**Exercise prompt**: All of the data should be reproduced word for word, though its pictures must be omitted.

**Recorded data**:
----------

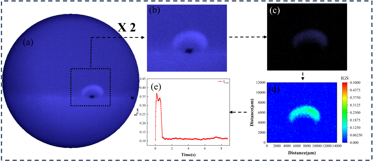 图1. CH*二维分布代表性图像处理过程(a)原始图像;(b)提取的图像的一部分;(c)删除背景后的图像;(d)CH*强度的二维分布;(e)随着时间的推移峰值强度变化。
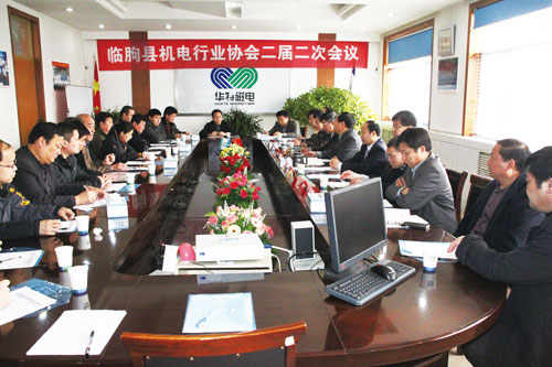 臨朐縣機(jī)電行業(yè)協(xié)會(huì)二屆二次會(huì)員大會(huì)于2014年1月15日在山東華特磁電科技股份有限公司會(huì)議室召開。大會(huì)應(yīng)到會(huì)員43人,實(shí)到35人,超過應(yīng)到會(huì)員人數(shù)三分之二。臨朐縣經(jīng)信局局長梅傳杰,副局長周德運(yùn),經(jīng)濟(jì)運(yùn)行總調(diào)度長李玉凱參加大會(huì)。大會(huì)采用無記名投票方式選舉臨朐縣機(jī)電行業(yè)協(xié)會(huì)會(huì)長,王兆連以全票同意當(dāng)選會(huì)長。采用無記名投票方式通過《臨朐縣機(jī)電行業(yè)協(xié)會(huì)章程》《孔凡泉任臨朐縣機(jī)電行業(yè)協(xié)會(huì)法定代表人決議》,全票同意《章程》和《決議》。
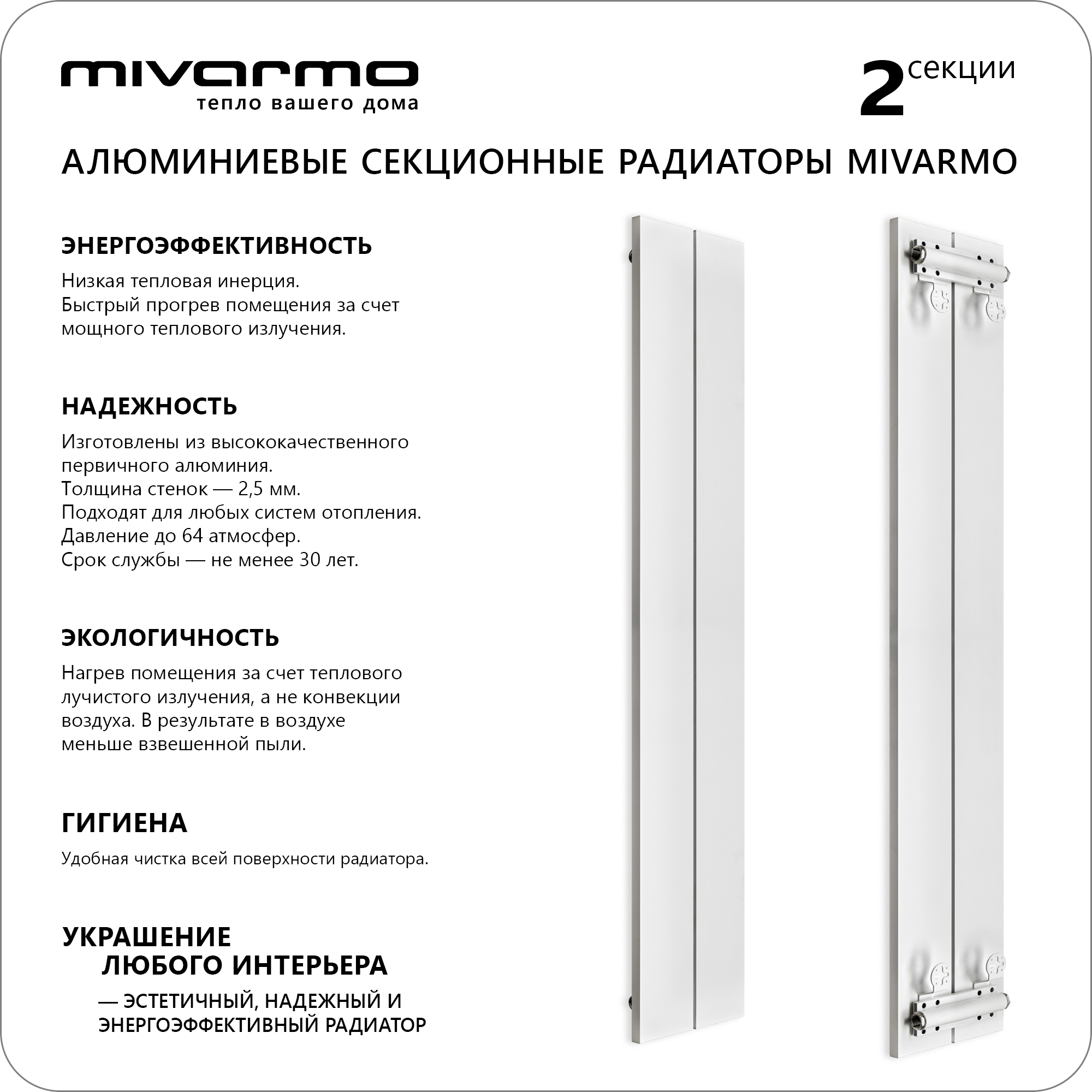 Секционный радиатор отопления Mivarmo 2 секции, горизонтальное/вертикальное подключение 200 см (белый матовый)
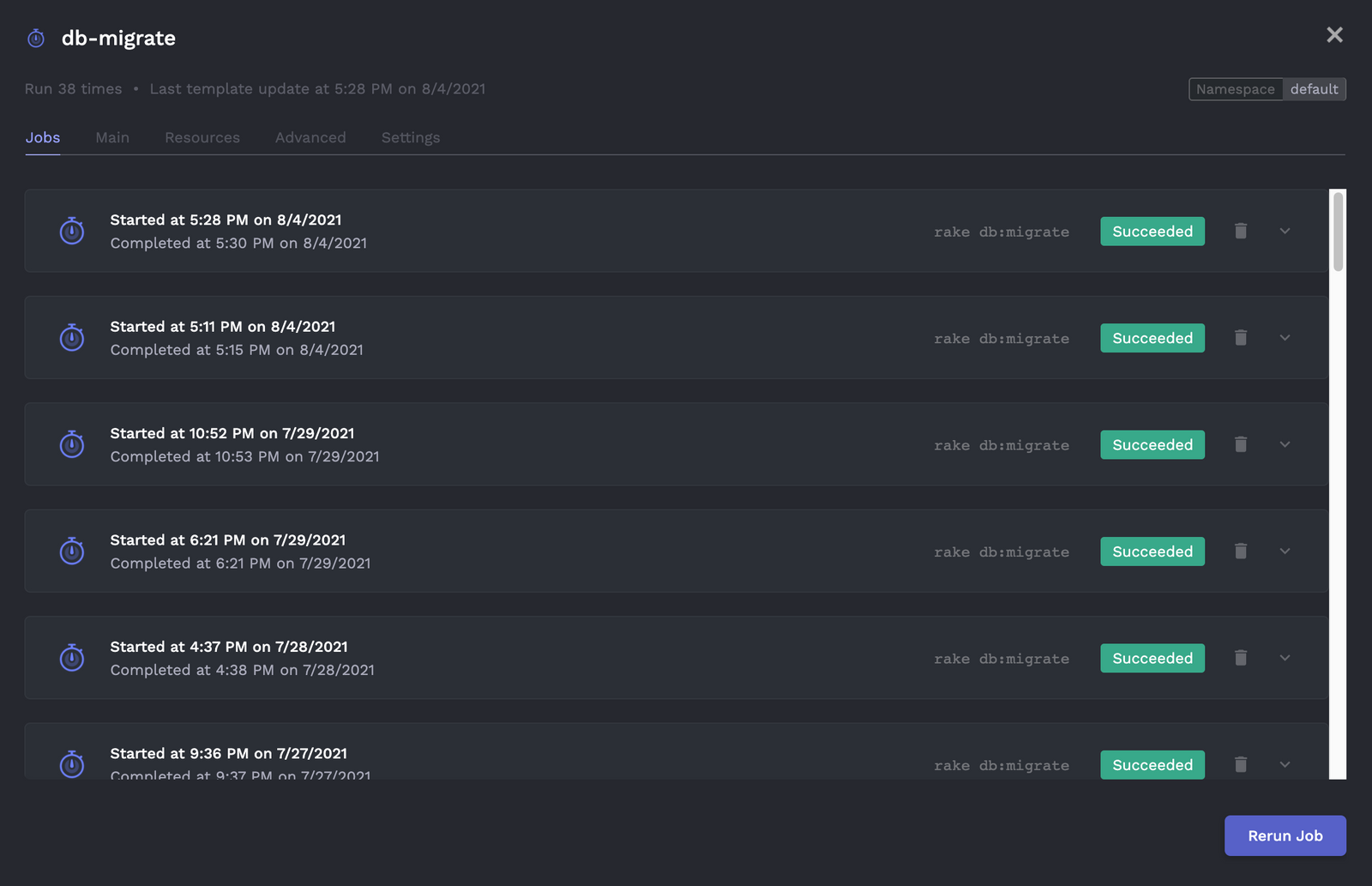 In terms of application setup, Woflow runs three web servers along with two worker processes on Porter. Their applications connect to a Postgres database that’s set up on AWS RDS, which is connected to Porter via VPC peering. Woflow’s CI/CD is handled by GitHub actions that run a set of Porter CLI commands, along with customized steps that trigger a database migration before prompting a deployment. In addition to these long running workloads, Woflow also runs two categories of jobs on Porter: one-off jobs that execute queries against the database (e.g. database seeding or migration) and cron jobs that periodically kick off third party integrations on a schedule.

----------

**Your response**:
 图1. CH*二维分布代表性图像处理过程(a)原始图像;(b)提取的图像的一部分;(c)删除背景后的图像;(d)CH*强度的二维分布;(e)随着时间的推移峰值强度变化。
 臨朐縣機(jī)電行業(yè)協(xié)會(huì)二屆二次會(huì)員大會(huì)于2014年1月15日在山東華特磁電科技股份有限公司會(huì)議室召開。大會(huì)應(yīng)到會(huì)員43人,實(shí)到35人,超過應(yīng)到會(huì)員人數(shù)三分之二。臨朐縣經(jīng)信局局長梅傳杰,副局長周德運(yùn),經(jīng)濟(jì)運(yùn)行總調(diào)度長李玉凱參加大會(huì)。大會(huì)采用無記名投票方式選舉臨朐縣機(jī)電行業(yè)協(xié)會(huì)會(huì)長,王兆連以全票同意當(dāng)選會(huì)長。采用無記名投票方式通過《臨朐縣機(jī)電行業(yè)協(xié)會(huì)章程》《孔凡泉任臨朐縣機(jī)電行業(yè)協(xié)會(huì)法定代表人決議》,全票同意《章程》和《決議》。
 Секционный радиатор отопления Mivarmo 2 секции, горизонтальное/вертикальное подключение 200 см (белый матовый)
 In terms of application setup, Woflow runs three web servers along with two worker processes on Porter. Their applications connect to a Postgres database that’s set up on AWS RDS, which is connected to Porter via VPC peering. Woflow’s CI/CD is handled by GitHub actions that run a set of Porter CLI commands, along with customized steps that trigger a database migration before prompting a deployment. In addition to these long running workloads, Woflow also runs two categories of jobs on Porter: one-off jobs that execute queries against the database (e.g. database seeding or migration) and cron jobs that periodically kick off third party integrations on a schedule.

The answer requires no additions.